Pubs are underfilling pints of beer

Beer drinkers are being short-changed by up to 25p a pint because landlords don’t fill glasses to the brim.

Too much head? 5% of a pint is the legal limit (Flickr pic by waitscm)

Too much head? 5% of a pint is the legal limit (Flickr pic by waitscm)

Sunday Mirror investigators visited 25 pubs up and down the country and found more than two-thirds were serving under-filled pints of beer. Three pints served ­contained illegally small amounts of drink, with one containing just 92.4 per cent of a pint of lager.

The 1985 Weights and Measures Act says a pint of beer should be exactly a pint – 20 fluid ounces or 568ml. But industry guidelines agree a pint of beer can be 95 per cent liquid and five per cent head.

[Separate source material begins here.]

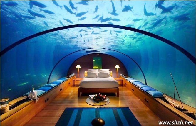 現(xiàn)代有些地區(qū)的游樂場(chǎng)都會(huì)有海底世界,很多人會(huì)去那里體驗(yàn)海底的生活,看著各種各樣的魚在水里盡情的游蕩,三五成群的非常可愛。也許,你也會(huì)想擁有這樣的一個(gè)臥室設(shè)計(jì),這樣可以盡情的觀賞海洋的生物,夢(mèng)幻般的生活非常美妙。而今天,這樣的夢(mèng)想終于可以實(shí)現(xiàn)。看這款全玻璃裝飾的海底臥室,設(shè)計(jì)師巧妙的設(shè)計(jì)不得不讓人驚嘆,充分利用了自然環(huán)境的優(yōu)勢(shì),把自然景觀融入到臥室的設(shè)計(jì)中,仿佛徜徉在海底世界一樣,很奇妙吧!
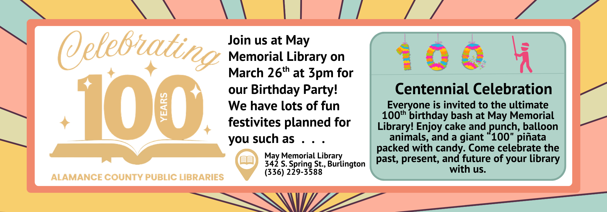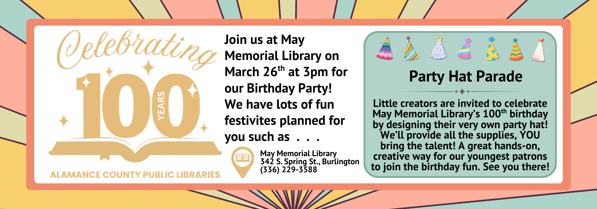 May Memorial Library 342 South Spring Street, Burlington, NC 27215 | Telephone: 336-229-3588

Anything under that could lead to the owner being prosecuted.

The survey, carried out with Trading Standards officers, comes amid reports that struggling landlords are under pressure from pub chains to raise profits by deliberately under-filling glasses.

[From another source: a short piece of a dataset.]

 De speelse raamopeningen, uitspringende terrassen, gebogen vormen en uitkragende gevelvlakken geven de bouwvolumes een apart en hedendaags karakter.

The Sunday Mirror admits to finding no evidence of bar staff deliberately pouring too little, but pub owners can be prosecuted if they sell pints under 95% full.

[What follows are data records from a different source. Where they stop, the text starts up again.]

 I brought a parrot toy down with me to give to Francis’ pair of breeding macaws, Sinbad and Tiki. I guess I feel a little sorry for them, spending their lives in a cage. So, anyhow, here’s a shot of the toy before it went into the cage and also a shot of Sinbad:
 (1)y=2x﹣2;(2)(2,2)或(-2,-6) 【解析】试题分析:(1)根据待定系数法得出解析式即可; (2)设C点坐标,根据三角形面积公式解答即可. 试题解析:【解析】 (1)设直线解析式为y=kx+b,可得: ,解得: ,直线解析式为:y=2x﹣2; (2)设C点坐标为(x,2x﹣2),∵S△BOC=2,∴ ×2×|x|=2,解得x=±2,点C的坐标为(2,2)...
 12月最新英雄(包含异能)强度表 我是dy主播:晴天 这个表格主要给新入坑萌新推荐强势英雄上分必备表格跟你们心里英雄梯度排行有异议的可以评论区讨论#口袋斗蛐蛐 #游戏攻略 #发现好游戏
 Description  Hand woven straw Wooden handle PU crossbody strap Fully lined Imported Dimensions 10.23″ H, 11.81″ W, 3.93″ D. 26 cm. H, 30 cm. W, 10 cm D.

Last week the GMB union (Britain’s General Union) said the chains which own many pubs throughout the country were setting unrealistic rents based on a near 100 per return or “yield” from beer in barrels. They said this could be achieved only by serving less beer.

Mirror journalists bought two pints each in chain pubs in Liverpool, Newcastle, Birmingham, London and Cardiff.

At Bar Luga in Newcastle one of the pints (Estrella lager, £3.50) was 7.6% short, leaving drinkers 26p out of pocket.

At Yates’s in Harrow, West ­London, one £2.69 pint of Foster’s was 5.8% short of a full pint, short-changing the customer by 15p.

In Liverpool city centre one pint (Green King IPA, £1.75) at JD Wetherspoon’s The Fall Well was under-filled by 5.5%, or 9p.

At the other end of the scale, all the bars they checked in Birmingham city centre served 100 per cent measures while a £3.10 pint of Amstel lager at JD Wetherspoon’s Moon on the Hill in Harrow was 3 per cent over-filled. Good people of Harrow, start frequenting this pub now!

Oliver Vaulkhird, 40, owner of ­Newcastle’s Bar Luga, said: “We’re not trying to cut corners, pints look better with a head. But if people ask for it to be topped then it’s fine and we’d do that.”

But Ash Shah of Harrow trading standards said: “If you pay for a pint you deserve a pint. If you translated these shortfalls to filling your car with petrol, there would be a public outcry.”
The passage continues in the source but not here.